We trained a classifier with synthetic chest X-ray (CXR) images generated by Nano Banana, the latest AI model for image generation and editing, released by Google. When directly applied to real-world CXRs having only been trained with synthetic data, the classifier achieved an AUROC of 0.923 (95% CI: 0.919 - 0.927), and an AUPR of 0.900 (95% CI: 0.894 - 0.907) in recognizing pneumonia in the 2018 RSNA Pneumonia Detection dataset (14,863 CXRs), and an AUROC of 0.824 (95% CI: 0.810 - 0.836), and an AUPR of 0.913 (95% CI: 0.904 - 0.922) in the Chest X-Ray dataset (5,856 CXRs). These external validation results on real-world data demonstrate the feasibility of this approach and suggest potential for synthetic data in medical AI development. Nonetheless, several limitations remain at present, including challenges in prompt design for controlling the diversity of synthetic CXR data and the requirement for post-processing to ensure alignment with real-world data. However, the growing sophistication and accessibility of medical intelligence will necessitate substantial validation, regulatory approval, and ethical oversight prior to clinical translation.

Paper Structure

This paper contains 5 sections, 4 figures.

Figures (4)

  • Figure 1: Examples of text-conditional generation of chest radiographs. The top row (1-5) shows synthesized samples of pneumonia, while the bottom row (6-10) depicts healthy subjects. The generated images exhibit diversity across multiple factors including sex, anatomical structures, and medical artifacts. After generation, all images were cropped to remove watermarks and irrelevant regions.
  • Figure 2: Performance comparison between the models fine-tuned on raw CXRs generated by Nano Banana (light blue) , on cropped Nano Banana CXRs (dark blue), and on RoentGen-v2 generated CXRs (yellow) based on AUROC (A, C) and AUPR (B, D).

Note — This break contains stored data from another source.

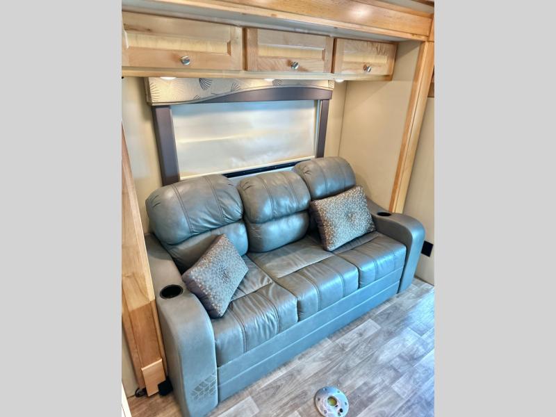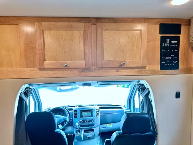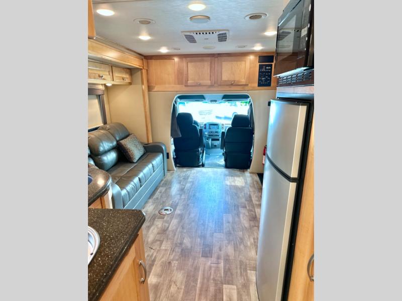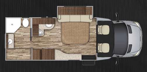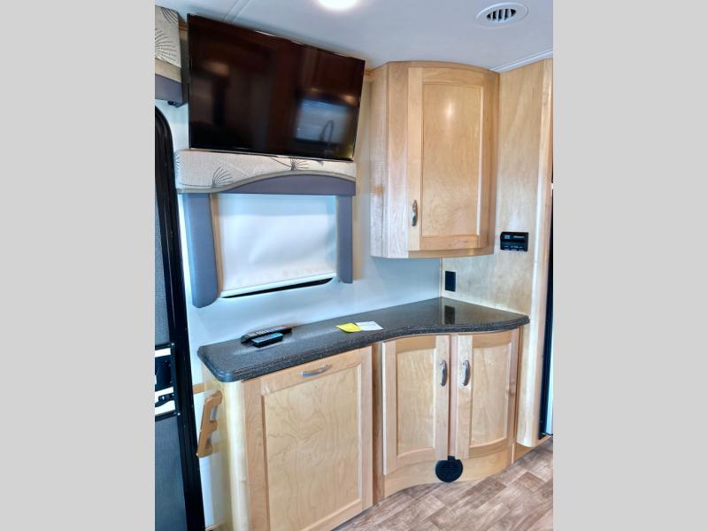 Enter just behind the front passenger seat and take a look around at how comfortable camping can be as you travel from place to place. You will enjoy plenty of space thanks to the large slide out opposite the door. This features a sofa by day, and it converts to a comfortable bed at night. Overhead cabinets make it easy to keep thing neatly tucked away.
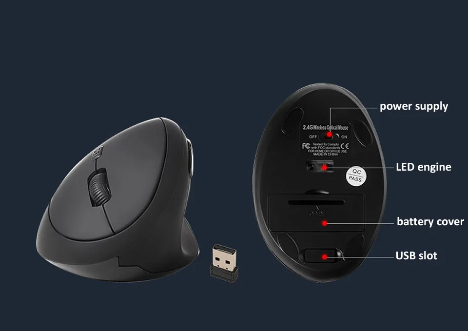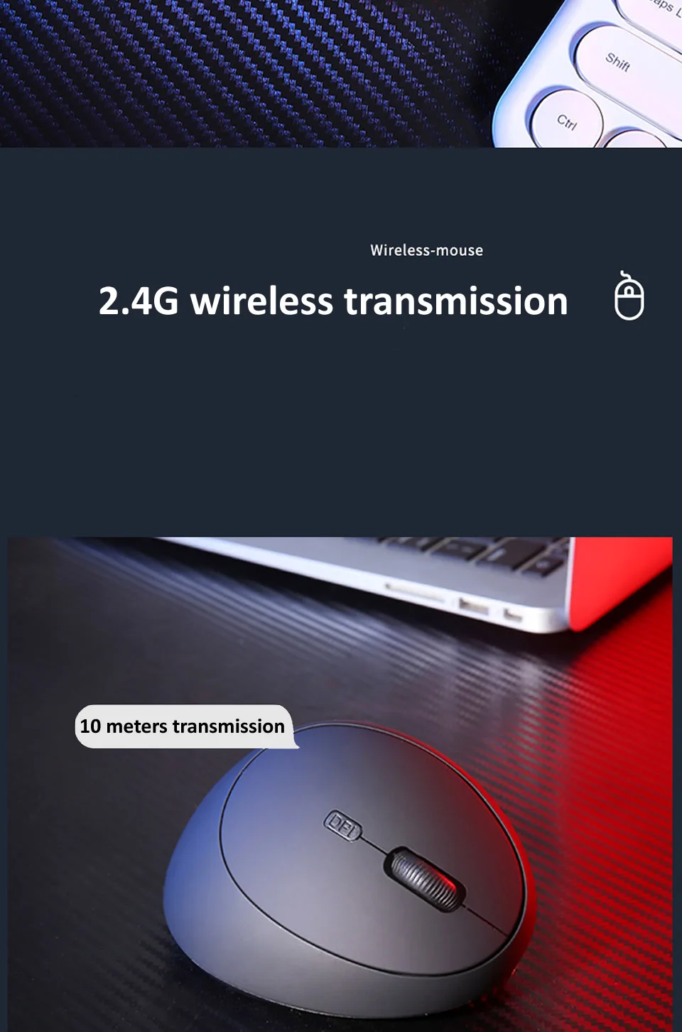 HKXA 2.4G ratón Vertical inalámbrico ratón USB ergonómico 1600DPI Oficina
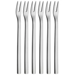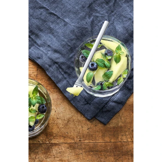 In den 1950er-Jahren das beliebteste Partygetränk, ist Bowle bis heute eigentlich nie aus der Mode gekommen. Serviert wird sie aus einer kugeligen Schüssel (engl. bowl) in ein mittelhohes Glas – dazu wird eine Bowlengabel gereicht. Die grazile Gabel mit zwei Zinken und langem Stiel pickt treffsicher die kleinen Obststückchen aus der Bowle. Im schlichten Design kann sie sich auf jeder Feier sehen lassen und passt zu jeder Art von Bowleglas. Aus Cromargan gefertigt, sind die Gäbelchen rostfrei, formstabil und beständig gegen Speisesäuren, zum Reinigen kommen sie in die Spülmaschine. WMF bietet die 12,5 Zentimeter lange Bowlengabel im 6er-Set in der Besteck-Serie Nuova an.
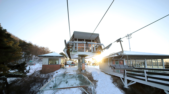 지산 스키장의 리프트는 대기시간의 지루함 없이
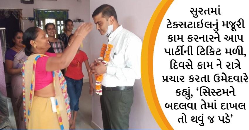 સુરતમાં ટેક્સટાઇલનું મજૂરી કામ કરનારને આપ પાર્ટીની ટિકિટ મળી, દિવસે કામ ને રાત્રે પ્રચાર કરતા ઉમેદવારે કહ્યું, ‘સિસ્ટમને બદલવા તેમાં દાખલ તો થવું જ પડે’

We conducted evaluation separately on the Chest X-Ray dataset (n=5,856) and the 2018 RSNA Pneumonia Detection Challenge dataset (n=14,863). The baselines in AUPR graphs indicate the proportion of pneumonia cases in the dataset.
  • Figure 3: Uniform Manifold Approximation and Projection (UMAP) visualization of features extracted from the classifier fine-tuned on cropped Nano Banana CXRs, on raw synthetic CXRs generated by Nano Banana, on RoentGen-v2 generated synthetic CXRs, and pre-trained on ImageNet (no fine-tuning). We conducted evaluation separately on the Chest X-Ray dataset (n=5,856) and the 2018 RSNA Pneumonia Detection Challenge dataset (n=14,863). For each feature set, we performed K-means clustering and report the resulting classification Accuracy (Acc) and adjusted Rand index (ARI).
  • Figure 4: Grad-CAM visualization of the feature map of the last convolutional layer before the classification head. A: original image; B: fine-tuned on cropped CXRs generated by Nano Banana; C: on raw Nana Banana-generated CXRs; and D: on CXRs generated by RoentGen-v2.